介護人材の確保のために、国は介護職員の処遇改善として給与を上げる政策を行っています。
厚生労働省の「令和2年度介護従事者処遇状況等調査結果」によると、2019年から66.1%の施設が給料を引き上げています。
こうした状況もふまえて、今後も介護職員待遇は改善されていくと考えられます。ここでは、各処遇改善とはどのような制度なのかをみていきましょう。
介護職員処遇改善加算は、職場環境等要件やキャリアパス要件の条件を満たした介護施設や事業所に対して、職員の給与に介護報酬を加算する制度です。
満たしている条件が多いほど、加算金額も多くなります。介護職員のみに配分されています。
経験やスキルのある介護職員の処遇改善に、重きを置いた制度です。介護職員以外も含めた他の職員の処遇改善に充てることも可能です。
もともとは、勤続10年以上の介護福祉士を対象に月額8万円相当の処遇改善をおこなうために設立されました。令和3年度の改定で、配分ルールは柔軟化されています。
規定の要件を満たしていれば、勤続10年以上の介護福祉士がいなくても、介護職員等特定処遇改善加算を取得可能としています。
いくつかの方法をピックアップしています。参考にしてください。
前項で処遇改善加算について触れました。勤続年数を重ねれば、収入も高くなる傾向があります。また、介護技術の実力や経験値も上がります。実力次第で後輩職員を指導する仕事も増えていきます。
夜勤のある施設では、夜勤手当が支給されます。常勤の介護職員は一般的に月に4〜5回ほど夜勤に入ります。夜勤1回につき、3,000円~6,000円ほどの夜勤手当が支給されます。
資格取得をしてスキルアップをしたり、役職に就いていても思うように給料が上がらなかったりする場合は、平均年収の高い施設や、待遇の良い施設に転職の検討も視野にいれてみましょう。
国家資格でもあり、介護資格のなかでも一定の経験やスキルを証明できる資格です。
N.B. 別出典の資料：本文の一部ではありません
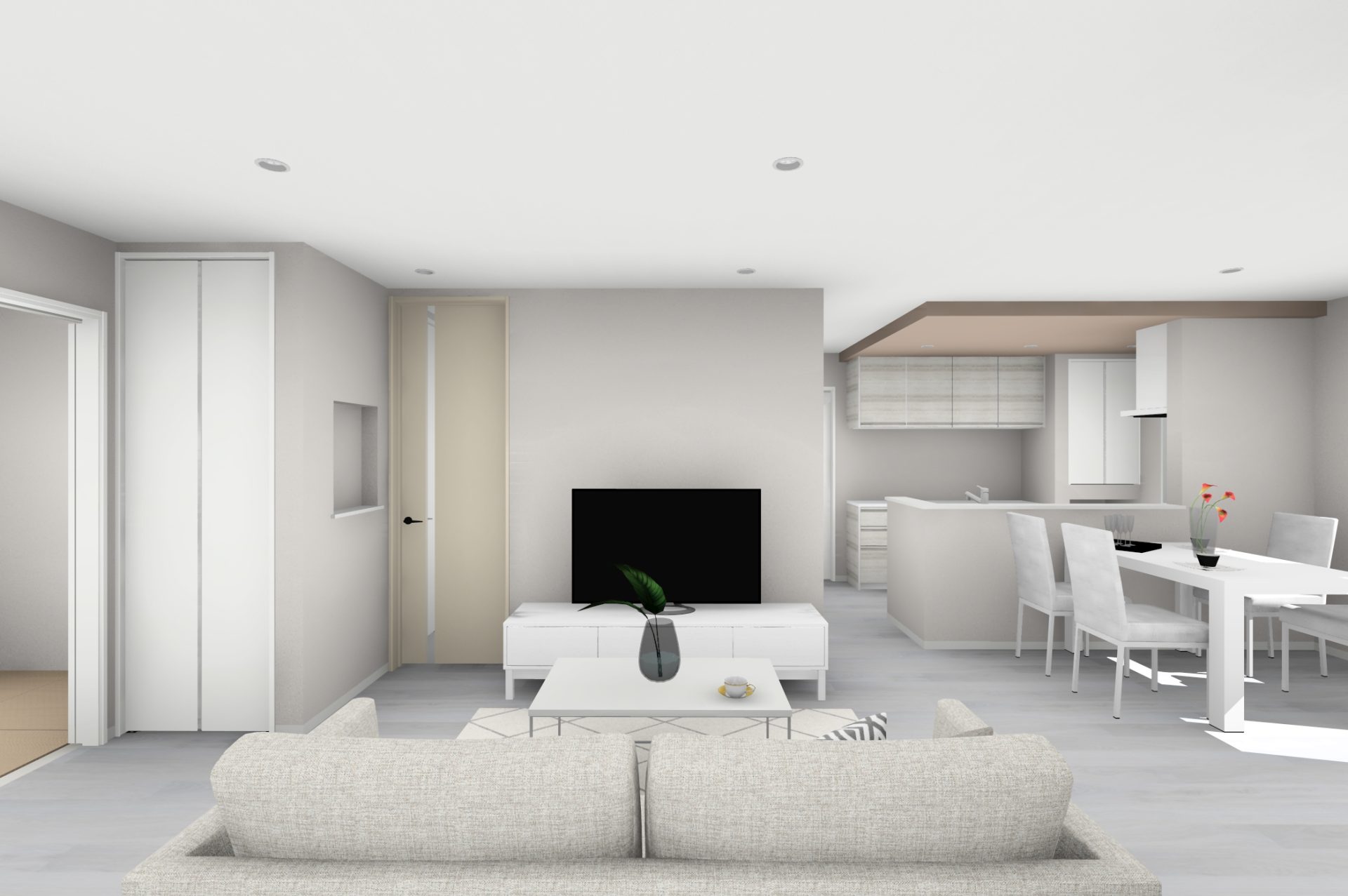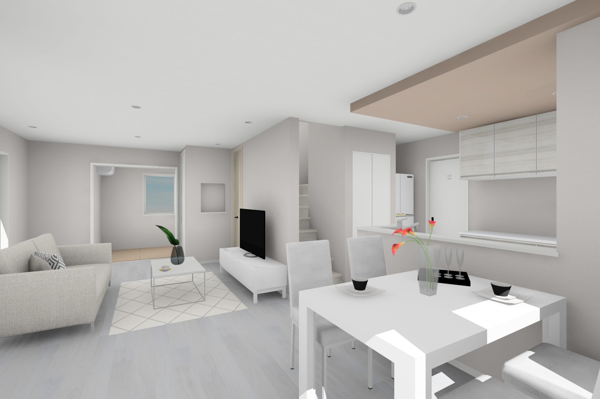 広々としたLDKに大きな窓を組み合わせ、明るく開放的な空間を演出。外の光や風を心地よく取り込みながら、家族の時間をゆったり楽しめる“のびやかな暮らし”が実現します。

就職・転職の際にも有利になります。
経験やスキルが十分あるとみなされれば、管理職への昇進も可能です。任される責任も大きくはなりますが、管理職へのキャリアアップは介護職として高収入を得る有効な手段だといえます。
介護職員の給料が低いと言われる背景や、実際の給料事情も見てきました。介護職として収入を上げる方法もいくつかご紹介しました。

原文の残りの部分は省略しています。